35

18.2K 4.6K 1.5K
                                    

cielah double.



35. Sick








Tok Tok Tok!

Nichol mengetuk pintu kamar Jevan, anak itu langsung turun dari kamar dan membuka kunci pintu. Garis wajahnya menurun karena ia pikir Elia yang muncul.

"Tante Elia mana?"

Nichol mengajak Jevan masuk, lalu menyuruhnya duduk di kasur. "Masih sakit lukanya?" tanyanya.

"Dari awal nggak sakit, cuma kaget aja kok."

"Serius?"

"Hm,"

Nichol mengangguk. "Yaudah istirahat dulu, Papah udah ijinin kamu ke Bu Gatha."

Jevan menghela napas berat. "Kenapa Papah bentak Tante Elia?" tanyanya. "Dia pasti sakit hati banget."

"Papah cuma kaget liat kamu jadi spontan marah,"

"Emang nggak percaya kalo bukan Tante Elia yang ngelakuiin?" tanyanya membuat Nichol diam. "Tante Elia selalu percaya sama kita, walaupun sering boong."

"Papah nggak bermaksud,"

"Jevan denger kalian tadi berantem sampe Tante nangis, jangan disakitin, dia cuma belaiin Jevan karena dipaksa Mamah terus."

"Mamah paksa kamu?"

Jevan mengangguk. "Aku nggak mau jadi anak kurang ajar sama orang tua, tapi Jevan nggak suka Mamah ngataiin Tante Elia."

"I know, oke."

"Minta maaf sama Tante, ayo, be gentle," Jevan menirukan perintah Nichol waktu itu. "Papah bilang kalo salah harus mau ngaku."

Nichol tersenyum kecil, ia berdiri dan mengusap kepala Jevan. "Tidur gih, nanti Papah bangunin buat makan malem."

"Jangan lupa minta maaf,"

"Iya,"

"Promise?"

"Hm."


Nichol keluar dari kamar Jevan, berdiri dan menatap kamar Elia di pojok sana.




Ternyata malam itu Elia tidak pulang ke rumah.





❤️‍🩹❤️‍🩹❤️‍🩹❤️‍🩹❤️‍🩹❤️‍🩹❤️‍🩹





Elia menautkan alisnya saat merasakan pening luar biasa di kepala.

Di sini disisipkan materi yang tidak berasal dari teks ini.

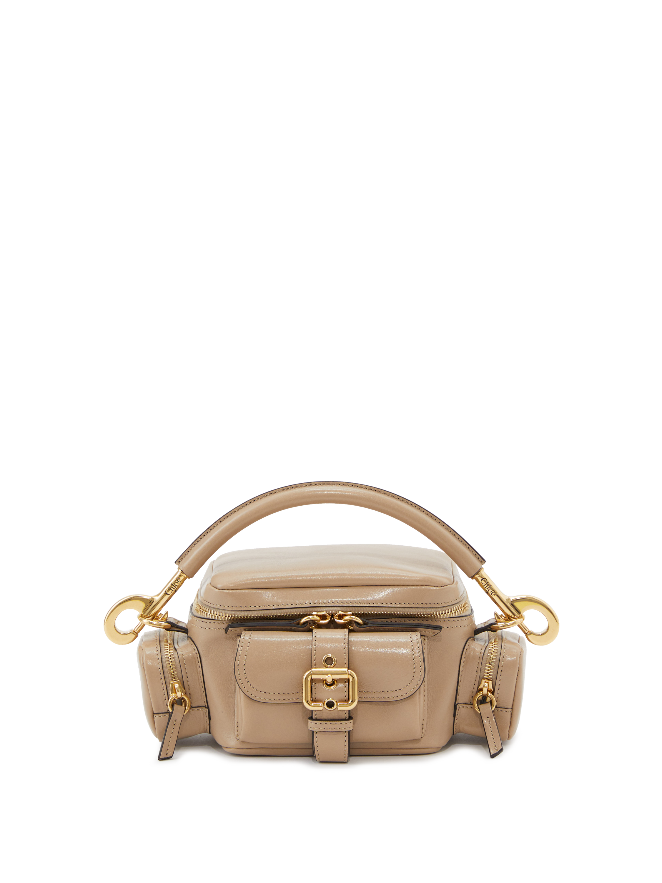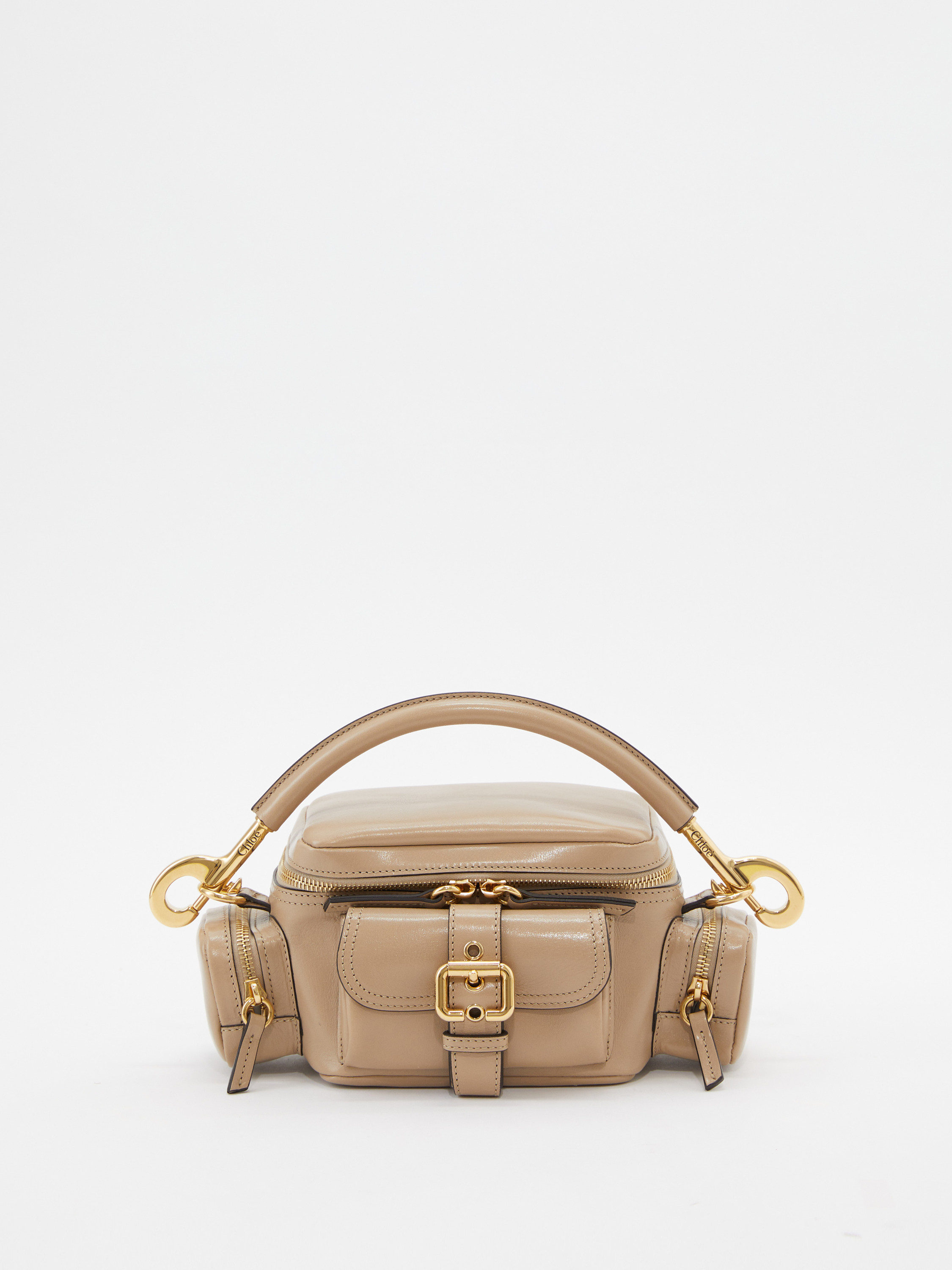 Die Handtasche 'Camera Small' von Chloé in der Farbe Boyish Brown wurde aus genarbtem Büffelleder gefertigt und mit goldener Hardware abgerundet. Der Griff bietet die Tragevariante in der Hand oder über der Schulter. Das geräumige Fach sowie zahlreiche Innenfächer bieten Stauraum für alles, was man im Alltag braucht. Die aufgesetzten Taschen mit den Schnallen runden das Design ab.

Ia perlahan membuka matanya, tak bisa mendeskripsikan di mana ia sekarang karena semua terlihat gelap. Ia berusaha untuk berdiri, meraih apapun agar bisa dijadikan pegangan.

Elia meraba seluruh tembok, menyentuh stop kontak untuk menyalakan lampu. Setelah terang ia melihat sekitar, ternyata hanya kamar biasa.

"Hai,"

Elia berbalik cepat, langsung mengambil lampu untuk berjaga-jaga. "Kenapa lo kayak gini...?" tanyanya.

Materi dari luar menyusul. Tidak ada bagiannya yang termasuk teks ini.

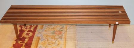 302 Unusual Wood and Brass Coffee Table 59"w, 17"d 15"h

"Aku cuma mau ngomong baik-baik, " Biska perlahan mendekat.

"Nggak," Elia memundurkan langkahnya pelan-pelan.

Biska terus mendekat, mencekal tangan Elia yang hendak memukul kepalanya. "Please," lirihnya. Menjatuhkan lampu tersebut dan mencekal kedua tangan Elia. "I just wanna talk to you."

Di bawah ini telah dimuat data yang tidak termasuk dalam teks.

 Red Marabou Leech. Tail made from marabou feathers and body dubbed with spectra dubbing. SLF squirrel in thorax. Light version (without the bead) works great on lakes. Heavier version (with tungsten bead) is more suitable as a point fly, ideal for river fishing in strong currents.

"Lepassss," Elia berusaha meronta. Dia kesal karena kekuatannya mendadak hilang, Elia merasa sangat lemas dan tidak bisa berfikir apa-apa.

"Maaf," Biska mengusap wajah Elia pelan. Maju dan mengecup keningnya lama. "Kamu aman di sini, nggak bakal ada yang bikin nangis."